Revealing Narratives

Installation view of the exhibition titled Stan Douglas: Revealing Narratives, at the PHI Foundation for Contemporary Art in Montréal, dated 2022.
Installation view of the exhibition titled Stan Douglas: Revealing Narratives, at the PHI Foundation for Contemporary Art in Montréal, dated 2022.
Installation view of the exhibition titled Stan Douglas: Revealing Narratives, at the PHI Foundation for Contemporary Art in Montréal, dated 2022.
Installation view of the exhibition titled Stan Douglas: Revealing Narratives, at the PHI Foundation for Contemporary Art in Montréal, dated 2022.
Installation view of the exhibition titled Stan Douglas: Revealing Narratives, at the PHI Foundation for Contemporary Art in Montréal, dated 2022.
 

PHI Foundation for Contemporary Art, Montréal

February 2022

For over thirty years, Stan Douglas has devoted his work to the investigation of the image; the technologies of their making, their aesthetic languages and their dynamics of power.
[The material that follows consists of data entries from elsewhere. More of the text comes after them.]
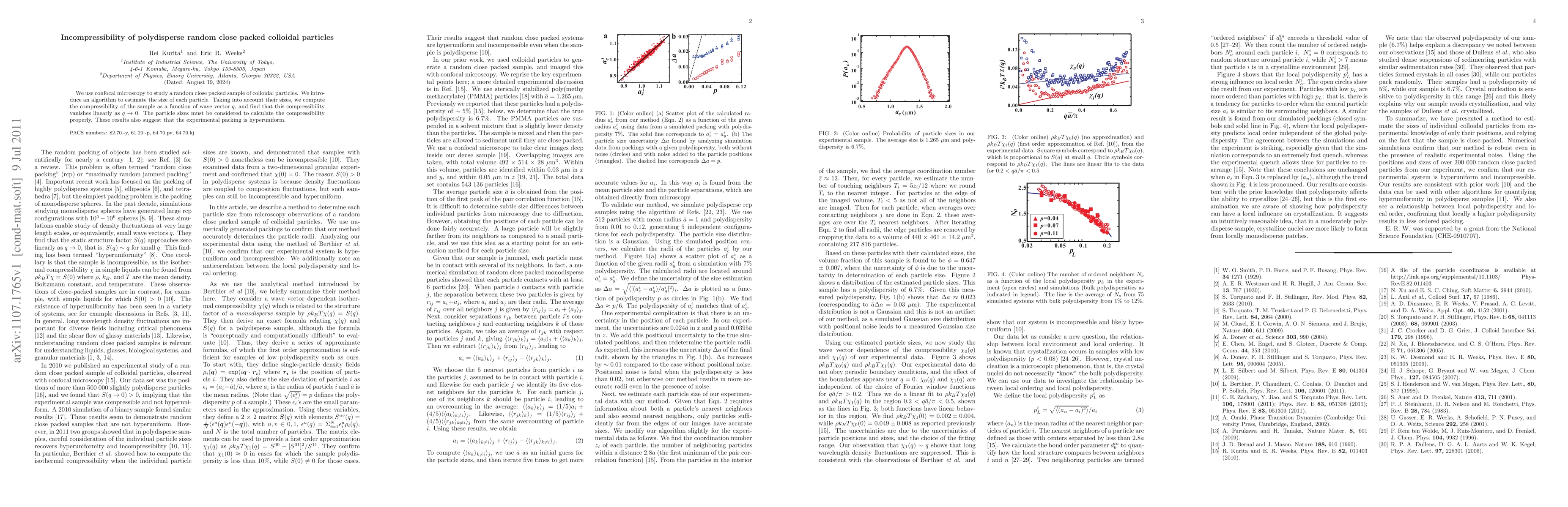 This study employs confocal microscopy to analyze a random close packed colloidal sample, revealing that compressibility vanishes linearly as the wave vector approaches zero, indicating incompressibility. The findings underscore the importance of particle size in calculating compressibility and suggest the packing is hyperuniform.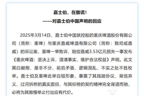 而重庆啤酒不服该判决,提起上诉,并在其官方公众号发表《重庆啤酒:坚决上诉,澄清事实,维护合法权益》一文。随即,重庆嘉威发布《嘉士伯,在撒谎!》一文对其作出回应,双方矛盾升级。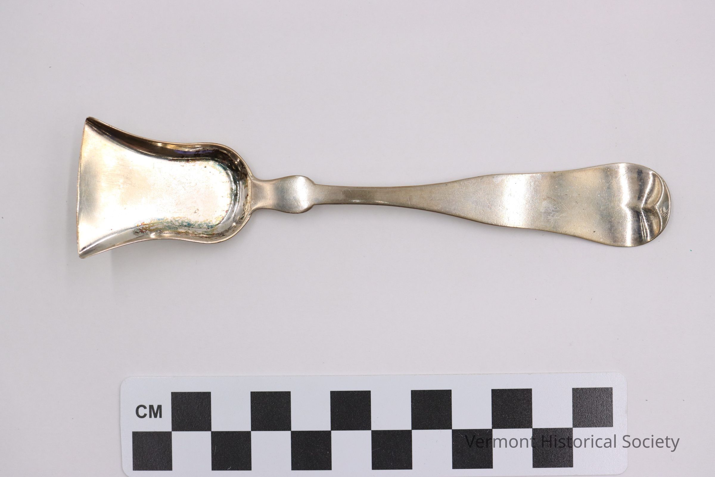 Sugar spoon with a shovel shaped bowl. The back of the handle is marked, "T.C.PHINNEY".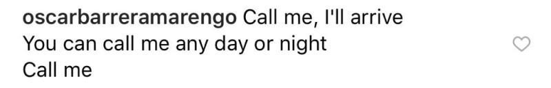 “Call me, I'll arrive. You can call me any day or night. Call me (Llámame, llegaré. Puedes llamarme cualquier dia o noche. Llámame)”, escribió Óscar en el posteo donde Cristóbal publicó el emoji de un teléfono. Esto junto a una fotografía donde luce una colorida polera en medio de un fondo totalmente negro.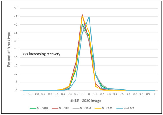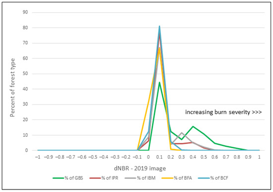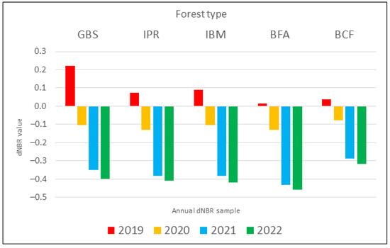 The mean dNBR values for each forest type studied were all positive (>0) in the year of the fire (2019) and then in all cases became increasingly negative in progressive years of recovery (2020, 2021, 2022; Figure 7). The results for all the forest types are similar, except for GBS, which experienced the greatest fire impact (dNBR > 0.2), and BCF, which showed the least apparent recovery from fire, with dNBR values for each recovery year of about −0.3, whereas the other forest types showed dNBR values of about −0.4.

Through photo, film and video installation, television, theatre, mobile applications and many other digital media technologies, he delves into the recreation of moments in history at a cultural, social and political tipping point, to reveal multiple and divergent narratives in meticulous detail. 
 
The exhibition at the PHI Foundation, titled Revealing Narratives, will present the Canadian premiere of Douglas’s most recent photo series Penn Station's Half Century (2021) and Disco Angola (2012), a series of photos that will be presented in Québec for the first time. 
 
Penn Station's Half Century was commissioned by the Empire State Development in partnership with Public Art Fund, on the occasion of the dedication of New York City’s new Moynihan Train Hall. Douglas worked with a researcher who rifled through thousands of newspapers and periodicals to select nine historic moments that took place in New York’s original Pennsylvania Station between 1914 and 1957, before it was demolished to make way for Madison Square Garden. Among these selected events is March 1, 1914, when a large number of vaudeville performers staged an impromptu show after being stranded at the station by a severe snowstorm. Another was August 7, 1934, when liberated Black labour organizer Angelo Herndon, who had been arrested for the possession of Communist literature arrived at the station to the greeting of thousands of well-wishers. 
 
Made with a hybrid of CG imagery and staged photography, these scenes were re-created by Douglas over a four-day shoot in Vancouver, which involved over four hundred actors who were scanned and redressed in one of five hundred unique period costumes, before being posed digitally. Douglas arranged these nine vignettes into thematic panels, which are presented in the Foundation’s 465 Saint-Jean Street galleries. 
 
With the series Disco Angola, Douglas takes on the persona of a fictional photojournalist living in New York City in the 1970s, who is a regular in the emerging disco scene and travels back and forth to Angola to cover the civil war. The works in the series are dated from 1974 and 1975, which was a critical period for the global political economy, marked by an oil crisis, a global market crash and increasingly strained relations between the US and Soviet Union. It is out of this bleak historical context that disco evolved. This important genre inspired by funk and soul music became heavily embraced by New York City’s Black, Latinx and queer communities as a joyful expression of emancipation from oppression. Douglas’s alter ego would travel back and forth to Angola to chronicle the country’s struggle for liberation from Portuguese rule. 
 
Through intense research into archival photographs, period costumes and decor, Douglas crafted “snapshots” from each of these locations. The series consists of eight, large-scale panoramic photographs, four based in Angola and four in New York, which Douglas arranged into specific pairings that put forth a multitude of contrasts and comparisons. 
 
In a time of "fake news" and our own experiences with historical uncertainty, these two series are tethered by Douglas’s steadfast exploration of the many conceptual, formal, and technical rigors of the image, to assert that there is always more than one side to a story. 
 
Stan Douglas will represent Canada at this year’s 59th Venice Biennale, taking place from April 23 to November 27, 2022. 
 
The exhibition Revealing Narratives will travel to the Art Gallery of Nova Scotia in Halifax following its Montréal debut.